_What this task involves_. Set down the records exactly, and omit any image found in them.

Saved entries
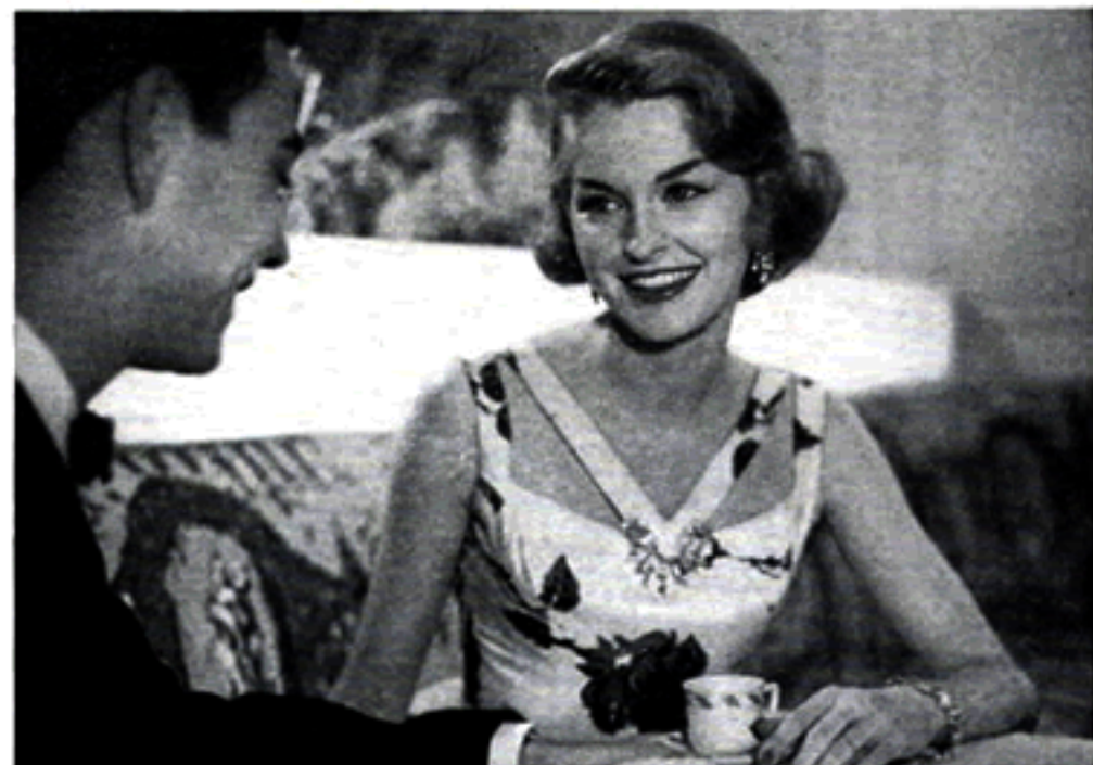
Out for the evening — and she never looked prettier. The girl who was once "all thumbs" has learned to handle her own hair like a professional
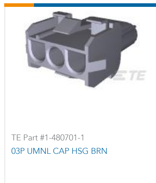
TE Part #1-480701-1 03P UMNL CAP HSG BRN
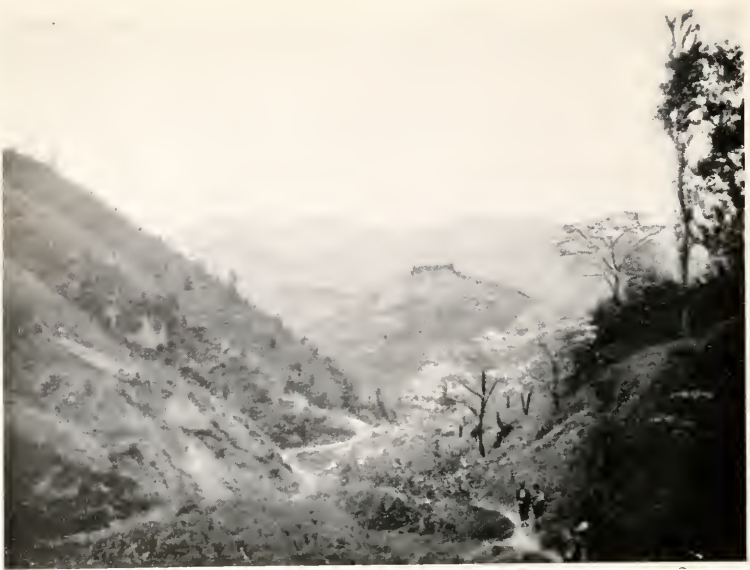
GLEN ON THE ROAD BETWEEN HANYIN AND SHIHCH'UAN
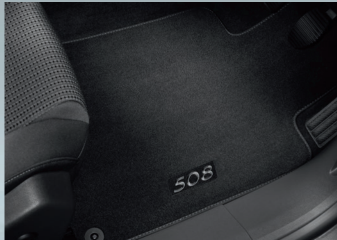
Velour carpet mat set
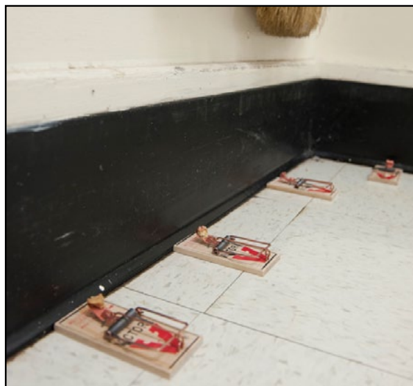
Figure 7. Traps can be baited with a variety of foods. There is no one favorite bait for mice.

Plastic snap traps (e.g., the Kness Snap-E, J.T. Eaton JAWZ, Bell Trapper Mini Rex, Woodstream Quick Kill, etc.) are more durable and can be cleaned with disinfectants more easily. The disposable
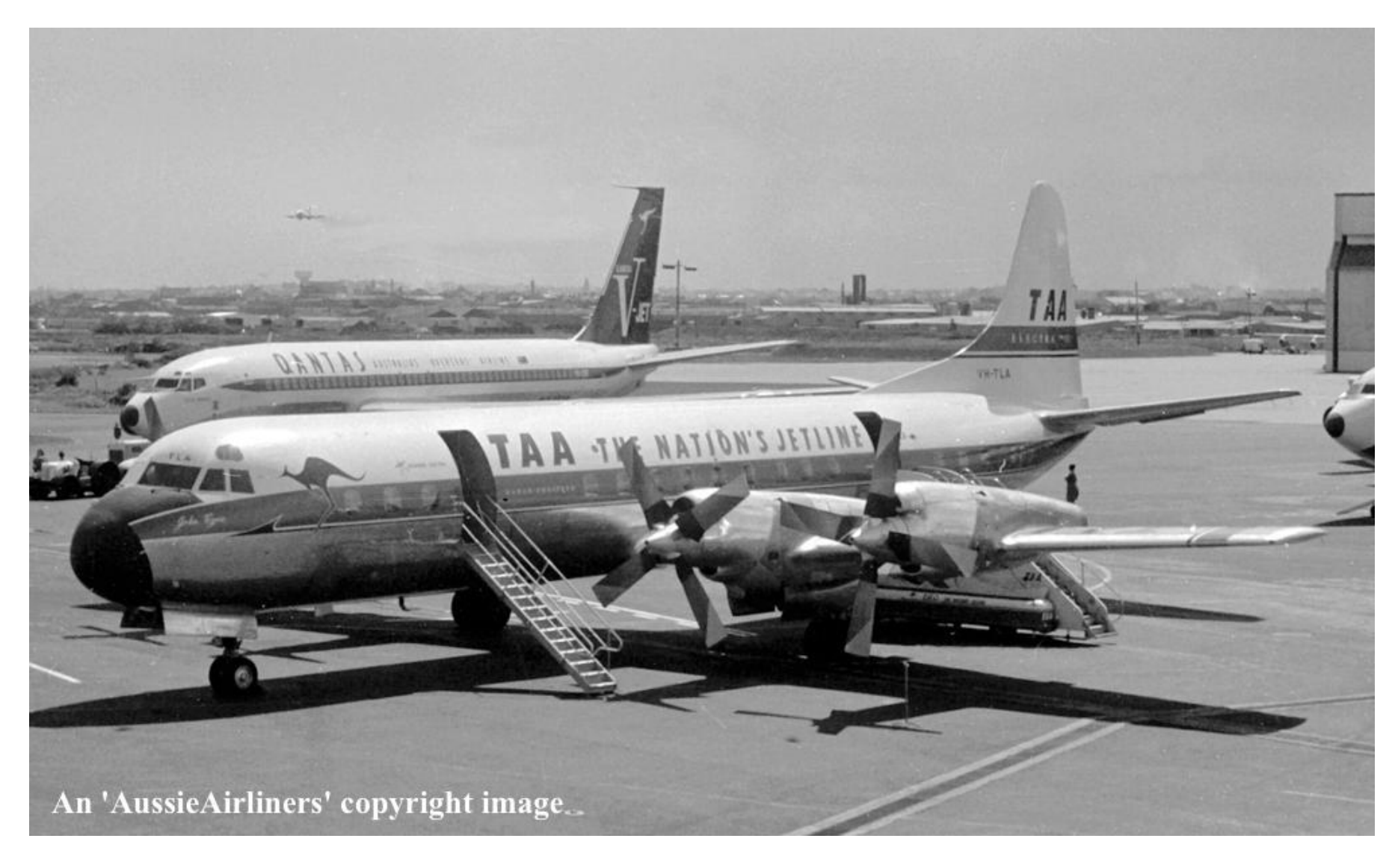
VH-TLA. 'John Eyre' - Sydney Kingsford Smith Airport - date unknown.
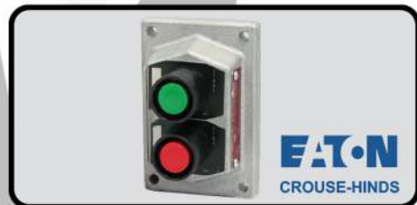
DSD922 START-STOP CONTROL STATION, CLASS 1 DIVISION 1 & 2
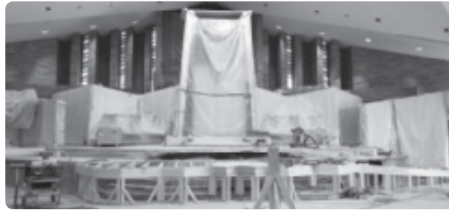
New bimah and ramps are being framed.
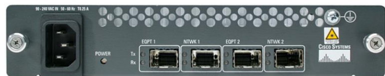
Figure 2. SFP Ports on the transponder

The transponder effectively extends the range of client devices that can connect to the CWDM or DWDM network using pluggable optics: third-party SONET/SDH add/drop multiplexers (ADMs), storage and Ethernet devices, or Cisco platforms that do not support pluggable WDM optics can connect to the WDM network by using this transponder, which operates the wavelength conversion from older 850/1300/1550 nanometer (nm) signals to any CWDM or DWDM channels. This conversion is enabled by the WDM SFP ports sitting on the line side (Figure 2).
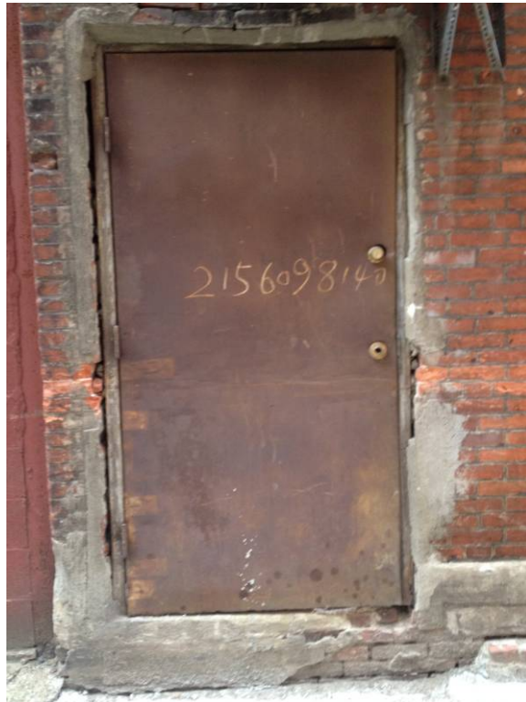
Figure 15. Detail of Metal Door on the Rear Building's South wall.
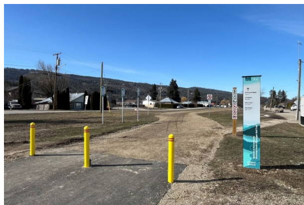
Shuswap North Okanagan Rail Trail Completed Section

Watch for updates and visit www.shuswapnorthokanaganrailtrail.ca for more information and to make donations.
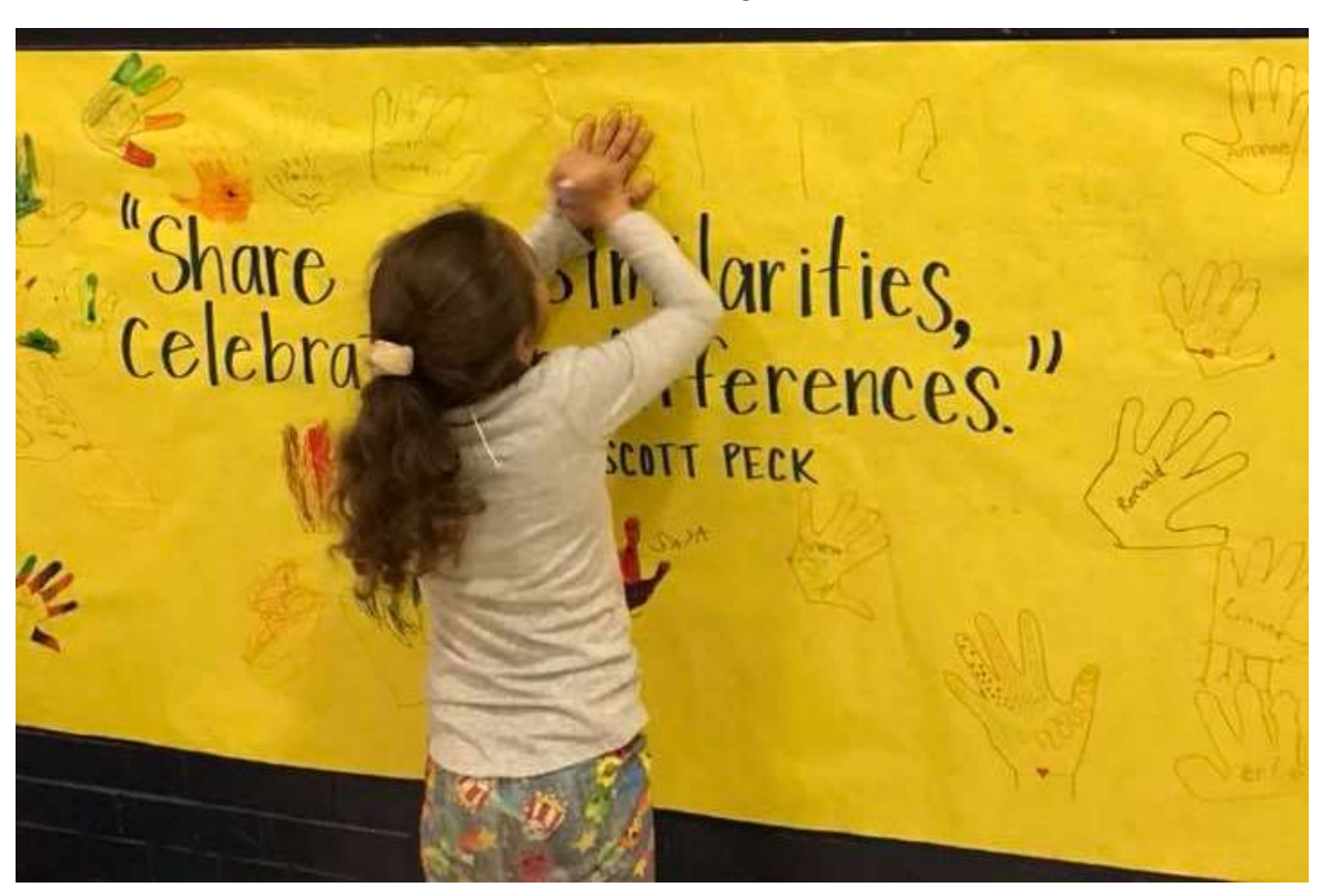
Multicultural Night – "Sharing our similarities, celebrating our differences."
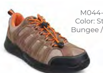
M044-30 Color: Stone Bungee / Lace
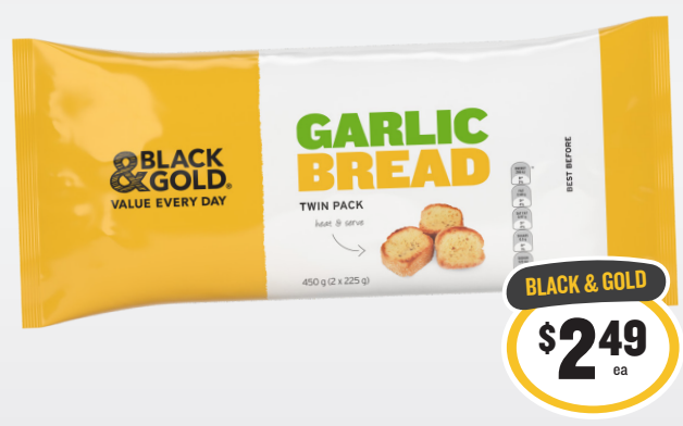
Black & Gold Garlic Bread 2pk 450g 55¢ per 100g
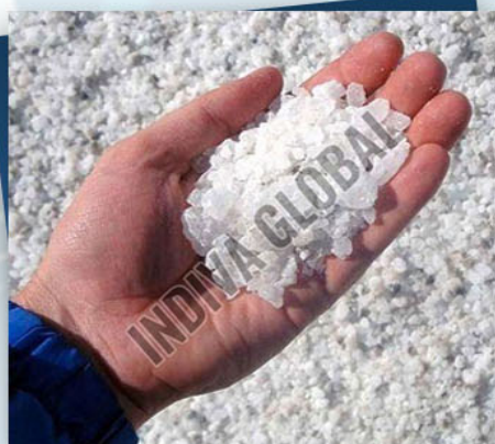
De Icing Salt
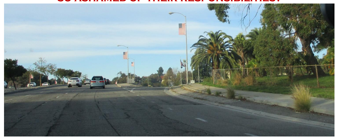
WILSHIRE EAST-BOUND ENTRANCE TO THE LOS ANGELES VA .... ABSOLUTELY NO SIGNAGE WHATSOEVER. WHY IS THE VA SO ASHAMED OF THEIR RESPONSIBILITIES?
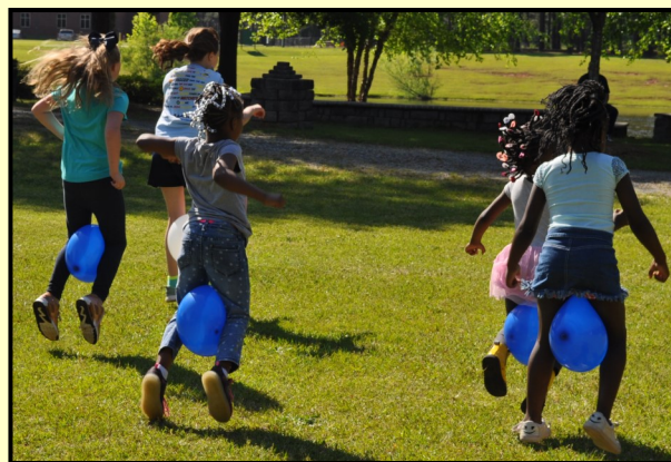
The kids had a great time playing the Balloon Race Game.
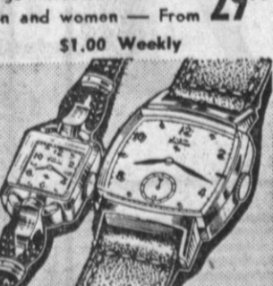
ELGIN WATCHES Great selection : 17 lewels 3375 with the unbreakable main
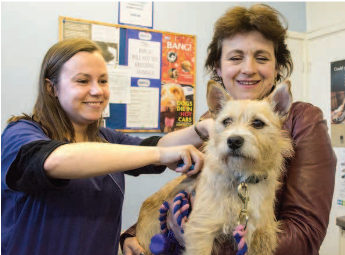
'Doggy ID: A visitor to the RSPCA clinic is microchipped.

A community newspaper for East Finchley run entirely by volunteers.
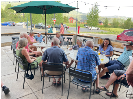
Informal Happy Hour at McKnights
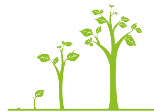
Personal and professional growth
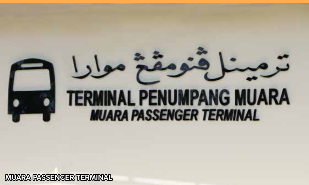
MUARA PASSENGER TERMINAL
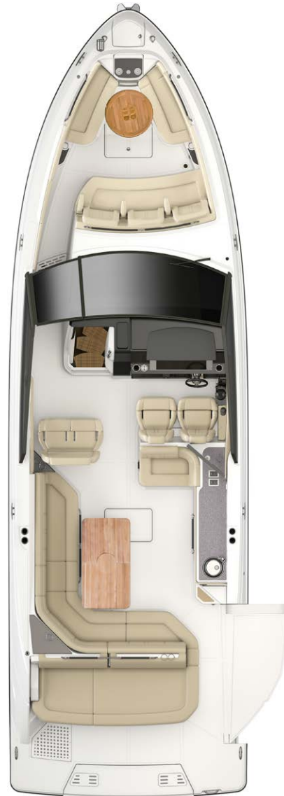
BOW & COCKPIT

_Completed task_.
Out for the evening — and she never looked prettier. The girl who was once "all thumbs" has learned to handle her own hair like a professional
TE Part #1-480701-1 03P UMNL CAP HSG BRN
GLEN ON THE ROAD BETWEEN HANYIN AND SHIHCH'UAN
Velour carpet mat set
Figure 7. Traps can be baited with a variety of foods. There is no one favorite bait for mice.

Plastic snap traps (e.g., the Kness Snap-E, J.T. Eaton JAWZ, Bell Trapper Mini Rex, Woodstream Quick Kill, etc.) are more durable and can be cleaned with disinfectants more easily. The disposable
VH-TLA. 'John Eyre' - Sydney Kingsford Smith Airport - date unknown.
DSD922 START-STOP CONTROL STATION, CLASS 1 DIVISION 1 & 2
New bimah and ramps are being framed.
Figure 2. SFP Ports on the transponder

The transponder effectively extends the range of client devices that can connect to the CWDM or DWDM network using pluggable optics: third-party SONET/SDH add/drop multiplexers (ADMs), storage and Ethernet devices, or Cisco platforms that do not support pluggable WDM optics can connect to the WDM network by using this transponder, which operates the wavelength conversion from older 850/1300/1550 nanometer (nm) signals to any CWDM or DWDM channels. This conversion is enabled by the WDM SFP ports sitting on the line side (Figure 2).
Figure 15. Detail of Metal Door on the Rear Building's South wall.
Shuswap North Okanagan Rail Trail Completed Section

Watch for updates and visit www.shuswapnorthokanaganrailtrail.ca for more information and to make donations.
Multicultural Night – "Sharing our similarities, celebrating our differences."
M044-30 Color: Stone Bungee / Lace
Black & Gold Garlic Bread 2pk 450g 55¢ per 100g
De Icing Salt
WILSHIRE EAST-BOUND ENTRANCE TO THE LOS ANGELES VA .... ABSOLUTELY NO SIGNAGE WHATSOEVER. WHY IS THE VA SO ASHAMED OF THEIR RESPONSIBILITIES?
The kids had a great time playing the Balloon Race Game.
ELGIN WATCHES Great selection : 17 lewels 3375 with the unbreakable main
'Doggy ID: A visitor to the RSPCA clinic is microchipped.

A community newspaper for East Finchley run entirely by volunteers.
Informal Happy Hour at McKnights
Personal and professional growth
MUARA PASSENGER TERMINAL
BOW & COCKPIT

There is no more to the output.